Soldi in cambio di permessi di soggiorno, poliziotto vibonese arrestato a Milano
L'agente, in servizio all'ufficio immigrazione della Questura milanese, è ritenuto uno dei due promotori della presunta organizzazione. L'altro, un marocchino, è irreperibile
C'è anche un poliziotto originario del Vibonese tra i sei agenti in servizio all'ufficio immigrazione in servizio nella Questura di Milano arrestati per associazione a delinquere finalizzata alla corruzione, illecito rilascio di permessi di soggiorno, falso in atto pubblico e accesso abusivo a sistemi informatici nell'ambito di un'inchiesta coordinata dalla Procura di Milano. Si tratta di Domenico Rubino di Tropea.
L'inchiesta. Un'indagine che ruota intorno ad un giro di carte di soggiorno che sarebbero state rilasciate dietro compensi che andavano da poche centinaia di euro ad alcune migliaia. Secondo quanto riportato dall'ordinanza firmata dal gip di Milano, i poliziotti dell’ufficio immigrazione della Questura avrebbero usato "canali di comunicazione a circuito interno", tra cui "numerose utenze di copertura, le cosiddette 'citofono' intestate a cittadini extracomunitari e sistemi di messaggistica telematica tipo WhatsApp e Telegram". In sei (quattro agenti e due mediatori) sono finiti in carcere (tra questi anche il poliziotto vibonese), altri due sono invece stati sottoposti ai domiciliari.
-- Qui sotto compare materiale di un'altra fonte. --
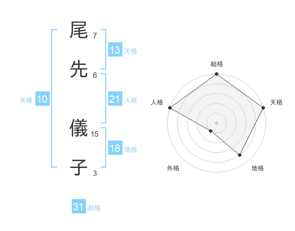 尾先 儀子さんの総格は31画の5点!
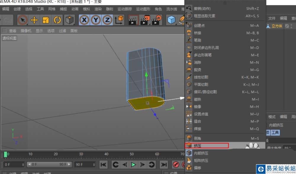 4、對底部進行擠壓,分別先用內部擠壓出壁厚,再用擠壓向上建出底部的凹位。
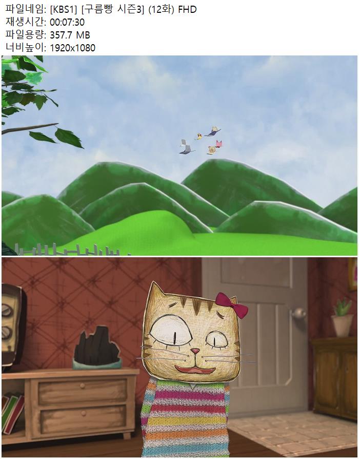 | [KBS1] [구름빵 시즌3] (12화) FHD.mp4 | 357.7 M | 00:07:30 | 1920x1080 |
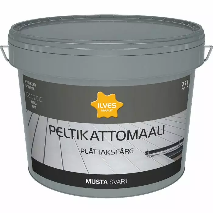 KÄYTTÖOHJE UUDET PINNAT: Peltikattoa ei suositella maalattavaksi uutena, vaan pellin annetaan hapettua kaksi vuotta, jotta maali tarttuu peltiin. Ennen maalausta pese katto peltipesuaineella voimakkaasti harjaten ja huuhtele vedellä. Sekoita Ilves Peltikattomaali hyvin ennen käyttöä ja maalaa katto kahteen kertaan.
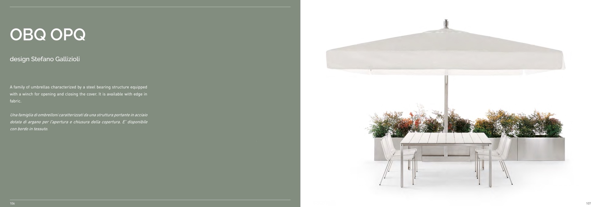 Una famiglia di ombrelloni caratterizzati da una struttura portante in acciaio
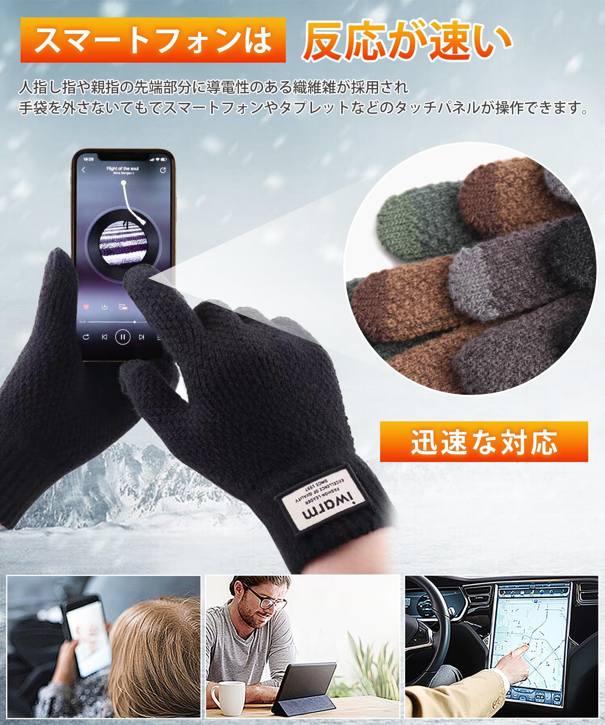 [HORADON] 手袋 メンズ 防寒 ニット手袋 冬 【暖炉のように温かい・スマホ対応・極厚裏起毛・瞬間で5℃上昇】 厚手 防寒 グローブ 暖かい 保温 ファション ニットグローブ 人間工学 柔らか 伸縮性 バイク サイクリング 通勤 通学 男女兼用
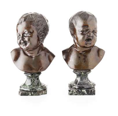 PAIR OF BRONZE BUSTS OF INFANTS, AFTER FRANZ XAVER MESSERSCHMIDT

Per non farsi intercettare avrebbero quindi utilizzato cellulari di vecchia generazione.
Presunto promotore. Secondo il pm della Procura di Milano, Paolo Filippini, Domenico Rubino, insieme al marocchino Said Sabbar (irreperibile), sarebbe uno dei due promotori della presunta associazione. Il capo di imputazione formulato nei suoi confronti riporta accuse pesanti: i presunti "promotori" si sarebbero infatti introdotti "abusivamente a sistemi informatici protetti", avrebbero avocato "artificiosamente la competenza territoriale degli uffici amministrativi, attestando falsamente la sussistenza dei requisiti obbligatori per la concessione/rinnovo illegittimo del permesso di soggiorno, il tutto - si legge nell'ordinanza - a fronte del pagamento di somme di denaro o la dazione di altre utilità". (mi.fa.)